The last to occur in our lifetime, a rare celestial event called a transit of Venus is set to take place on Tuesday, June 5. The Oregon Observatory at Sunriver will host a free transit of Venus viewing party for this exciting occurrence.  Filtered solar telescopes and indirect viewing methods will be available for safely observing the transit.

For a $5 donation, you will also receive some special solar eclipse glasses that allow you to look at the Sun.

A transit of Venus is the observed passage of the planet Venus across the disk of the sun. It occurs when Venus, orbiting the sun “on the inside track,” catches up to and passes the slower Earth. To viewers, Venus will appear as a small dot in the foreground, making its passage (or “transit”) from left to right across the face of the sun.

The transit will commence just after 3pm when Venus appears to the east of the Sun. The greatest transit movement will occur at 6:29 p.m. when Venus appears just off-center to the right of the northern area of the sun. The sun will set at 8:55 p.m. and the transit will end at 9:44 p.m. as Venus exits to the west of the sun.

It is important to use eye protection or indirect viewing techniques when observing this transit activity. Viewers should use only an approved solar filter which blocks dangerous ultraviolet and infrared radiation as well as visible light.  Special solar viewing glasses are available.

Transits of Venus always occur in pairs that are spaced eight years apart.
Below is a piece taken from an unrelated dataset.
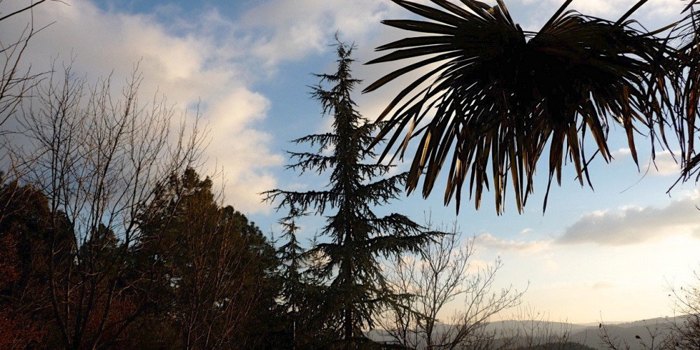 Télescopage horticole : un palmier s’encadre dans notre fenêtre ardéchoise. Ce n’est pas si insolite, la soixantaine de variétés de palmiers en comprend certaines résistantes au froid, mais vu le caractère bien local du gîte où nous sommes, avec ses reproductions de cartes postales anciennes, sa toile cirée alternant gerbe de fleurs et de blés, je m’interroge sur les motivations du propriétaire à planter cette espèce pas vraiment endémique.

Each pair of occurrences is then not repeated for more than a century. For example, the last transit of Venus took place on June 8, 2004, and of course the next one will be visible this June of 2012. The previous pair of transits occurred in December, 1874 and December, 1882. After 2012, the next transits of Venus will take place in December 2117 and December 2125.

The Oregon Observatory at Sunriver is the largest non-profit, educational public viewing facility in the United States. During the past eclipse, they had more than 10 telescopes fitted with special solar filters that allowed guests to view the Sun directly and safely. Staff will be providing access to multiple telescopes again for this event. They will also be taking pictures during the event that will be available.